This poem came out of the November 3, 2009 Poetry Fishbowl. It was prompted by stonetalker, cheered by several other people, and sponsored by janetmiles. It refers to an episode of Star Trek: The Next Generation and there is a "Darmok Dictionary" online. I am really pleased to be able to share this with you, because "Darmok" was one of my favorite episodes and a splendid example of xenolinguistics.

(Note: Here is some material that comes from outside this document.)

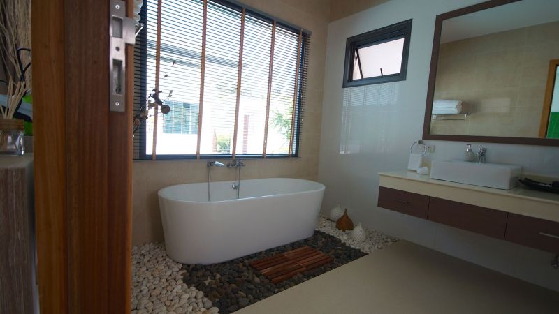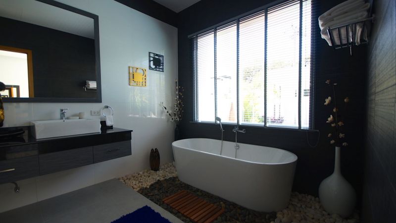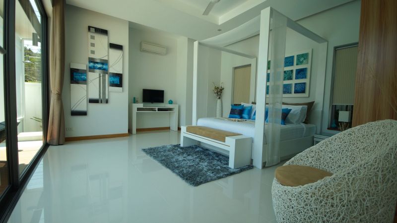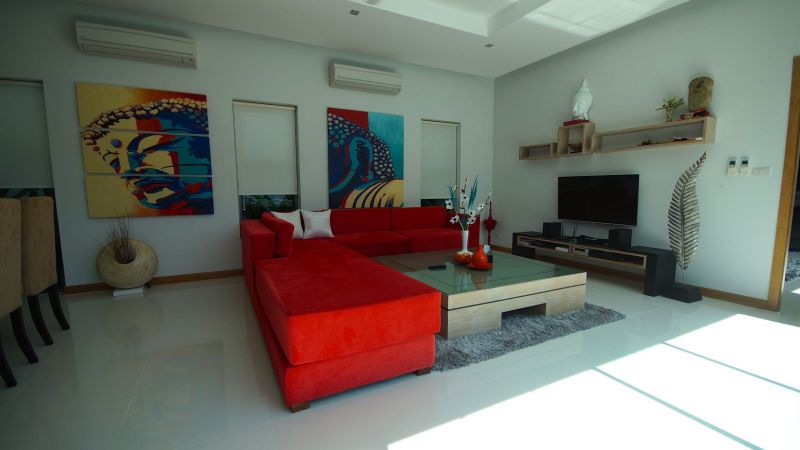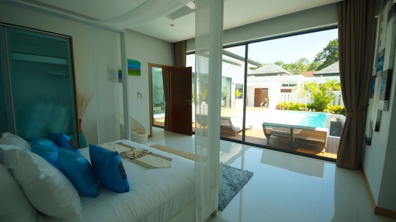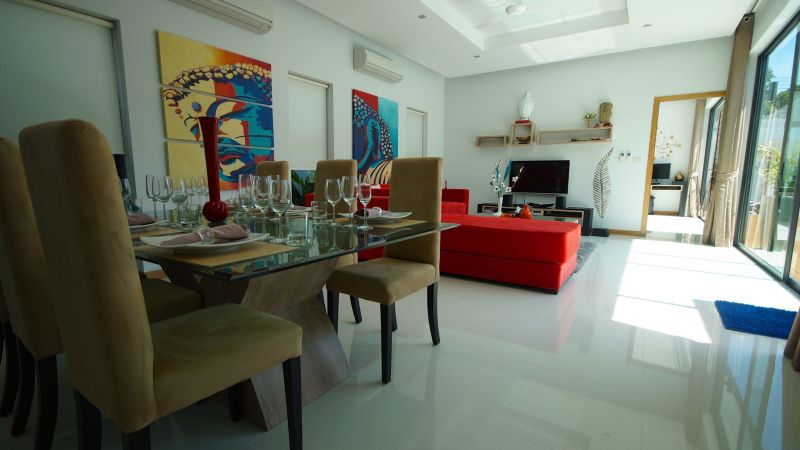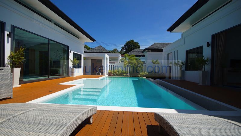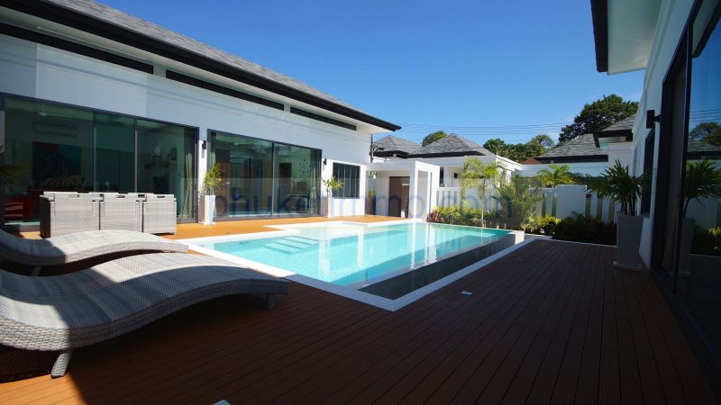 Located on the Saiyuan road, between Rawai Beach and Nai Harn Beach,near restaurants and retail stores, this stand-alone house features 3 bedrooms with ensuite bathrooms, an open space dining – living – kitchen, a garage and a swimming pool with deck.

Dancing with the Beast of Tanagra



“Darmok” –
This was the episode
I watched with my ears set to the screen
and a cup of tea cooling in my hands,
a friend and myself knee-to-knee on the floor,
both of us calling out translations and hypotheses
as quickly as we could think of them,
breathless and laughing,
even in the face of tragedy.

Even when we guessed wrong
and had to revise our ideas
      Shaka, when the walls fell
it was exhilirating just to stretch out
and fly beyond the boundaries of the human brain
into a language so vivid with imagery.

It reminded me instantly of the saying
that learning a new language
is like wrestling with an angel,
the object being not to win but to surrender,
brawl becoming embrace:
      Sokath, his eyes uncovered!

Every language is an ocean undiscovered,
an island untamed and dense with wilderness.
In every ocean there are deeps and storms,
on every island, beasts –
for to open yourself to a language
is to swallow its ideals and its reasoning
without ever knowing if it will destroy you
or reward your sacrifice with untold riches.
      Darmok and Jelad at Tanagra.
      Picard and Dathon at Eladril.

There is only the ocean and the jungle,
and the warmth of a friend by your side,
and the words in your ears like the beating of breakers
when you go forth to dance with the beast of Tanagra.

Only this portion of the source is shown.